Proxy Advanced Features¶
The OxideShield™ proxy gateway includes advanced features for enterprise deployments: rate limiting, webhook alerts, user tracking, and streaming response protection.
Rate Limiting¶
Protect against abuse and control costs with per-client rate limiting.
Configuration¶
rate_limit:
enabled: true
# Request limits
requests_per_minute: 60
requests_per_hour: 1000
# Token limits (estimated from request size)
tokens_per_hour: 100000
# Burst allowance for short spikes
burst: 10
# What to rate limit by
limit_by: ip_address # ip_address, api_key, header, combined
# Clients that bypass rate limiting
whitelist:
- "admin-api-key"
- "192.168.1.100"
# Custom limits for specific clients
custom_limits:
"premium-api-key":
requests_per_minute: 200
requests_per_hour: 5000
tokens_per_hour: 500000
# Response when rate limited
response:
status_code: 429
retry_after_seconds: 60
message: "Rate limit exceeded.
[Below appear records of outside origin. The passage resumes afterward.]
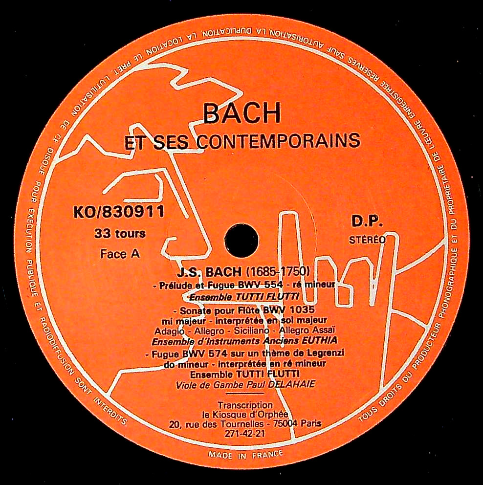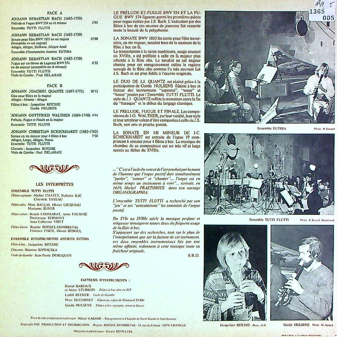 商品詳細:1980年代に入っての録音で古くはないが、当社初入荷の希少なタイトルである。A面にバッハ3曲。1/3曲目はオルガン・ソロのための原曲を、2曲目はフルート・ソナタが原曲の作品を室内アンサンブル用に編曲している。B面はクヴァンツ、J.G.ヴァルター、J.C.シックハルトの3人のバロック期の3作品をやはり室内アンサンブルで演奏している。バッハの2曲目のB.1035の編曲以外はトゥッティ・フルッティEmsという、全員がフルート属を使う13人の団体が演奏。曲により、そこにチェンバロやガンバが加わる。B.1035の編曲だけユーシア古楽Ens.が担当。この団体はリコーダー(ブロック・フレーテ)、チェンバロ、ガンバの3人からなる団体で、すなわちフルート・ソナタB.1035をトリオ・ソナタの形で演奏している。トゥッティ・フルッティEms.は全員がフルート属を使う変わった団体で大半が古楽器を使用しているようである。使用するフルートはソプラノ・フルート3人、アルト・フルート3人、テノール・フルート4人、バス・フルート3人という構成。通常の室内楽ではほとんど使用されない音域の古楽器が登場する。クヴァンツの作品はリコーダー2台だけで演奏される2重奏曲でトゥッティ・フルッティEms.のメンバーではない、リコーダー(ブロック・フレーテ)奏者の2人、ジュード・ハルセンとチェンバロ兼任のジャクリーヌ・リッチーが外部から参加している。フルート好きには魅力ある演奏形態だろう。レーベルは超が付くマイナーなので2度目が入荷する期待は薄い珍品である。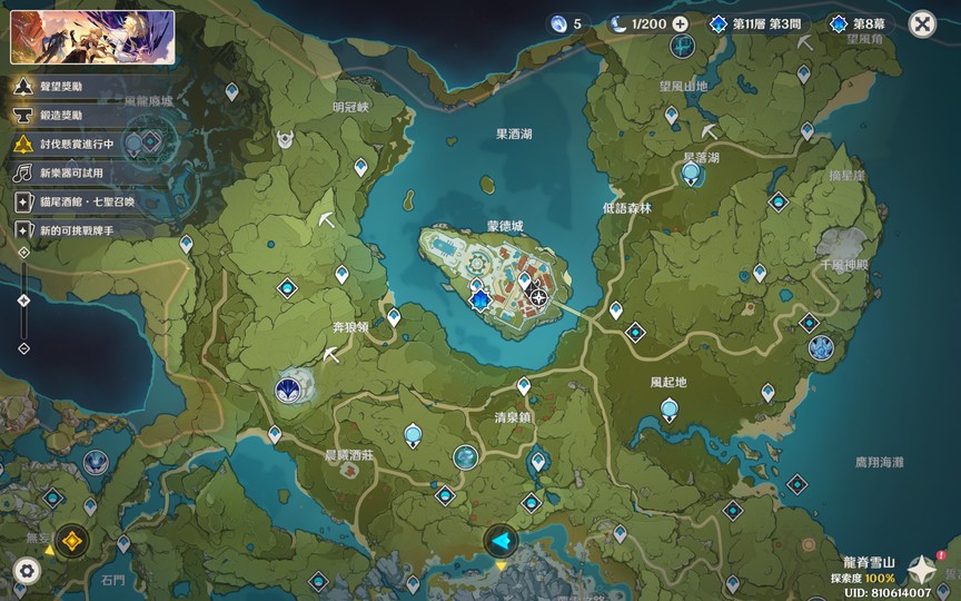 地圖主要只有開蒙德 璃月 其餘沒有特別開大部分都50%一下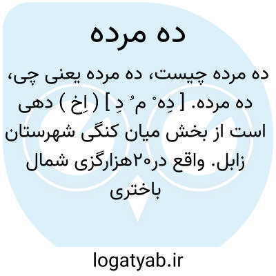 ده مرده. [ دَه ْ م َ دَ / دِ ] ( ص نسبی ) منسوب به ده نفر مرد و یا زیادتر.( ناظم الاطباء ). هر چیز منسوب به ده مرد که کنایه ازبسیاری مرد است چون زر ده مرده و جام ده مرده، زری و جامی که به مردم بسیار کفایت کند. ( از آنندراج ).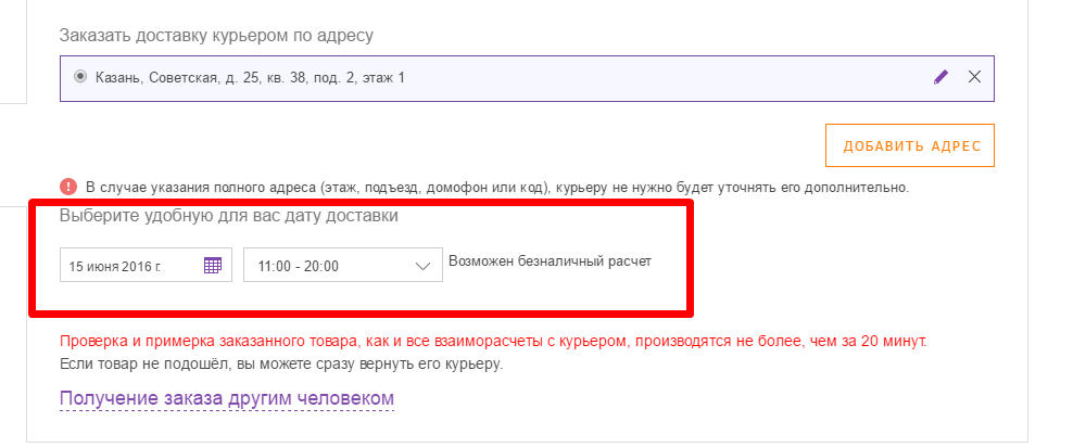 - Выберете пункт «Получение заказа другим человеком при совершении покупки»;

Please slow down."
Rate Limit Keys¶
| Key | Description | Example |
|---|---|---|
ip_address |
Client IP address | 192.168.1.1 |
api_key |
API key from Authorization header | sk-abc123 |
header |
Custom header value (e.g., X-Client-ID) |
client-123 |
combined |
IP + API key combination | 192.168.1.1:sk-abc123 |
API Endpoints¶
Check Rate Limit Status¶
Response:
{
"key": "192.168.1.1",
"requests_minute": 45,
"requests_minute_limit": 60,
"requests_hour": 500,
"requests_hour_limit": 1000,
"tokens_hour": 75000,
"tokens_hour_limit": 100000,
"burst_available": 8,
"limited": false
}
Rate Limit Response¶
When rate limited, clients receive:
HTTP/1.1 429 Too Many Requests
Retry-After: 60
Content-Type: application/json
{
"error": {
"type": "rate_limit_exceeded",
"message": "Rate limit exceeded: 60 requests/minute",
"retry_after": 60
}
}
Webhook Alerts¶
Receive real-time notifications when security events occur.
Configuration¶
alerts:
# Alert destinations
destinations:
- type: slack
webhook_url: "https://hooks.slack.com/services/T00/B00/XXX"
channel: "#security-alerts"
username: "OxideShield™"
icon_emoji: ":shield:"
- type: discord
webhook_url: "https://discord.com/api/webhooks/123/abc"
- type: webhook
url: "https://your-siem.example.com/api/events"
method: POST
headers:
Authorization: "Bearer ${SIEM_TOKEN}"
Content-Type: "application/json"
# Events to alert on
events:
- block # Any blocked request
- high_severity # High severity detections
- critical # Critical threats
- pii_detected # PII found
- jailbreak # Jailbreak attempts
- rate_limit_exceeded
# Alert rate limiting
rate_limit_per_minute: 60
# Include request details (may contain sensitive data)
include_request_details: false
# Retry failed alerts
retry:
max_retries: 3
initial_backoff_ms: 1000
max_backoff_ms: 30000
Alert Destinations¶
Slack¶
- type: slack
webhook_url: "https://hooks.slack.com/services/..."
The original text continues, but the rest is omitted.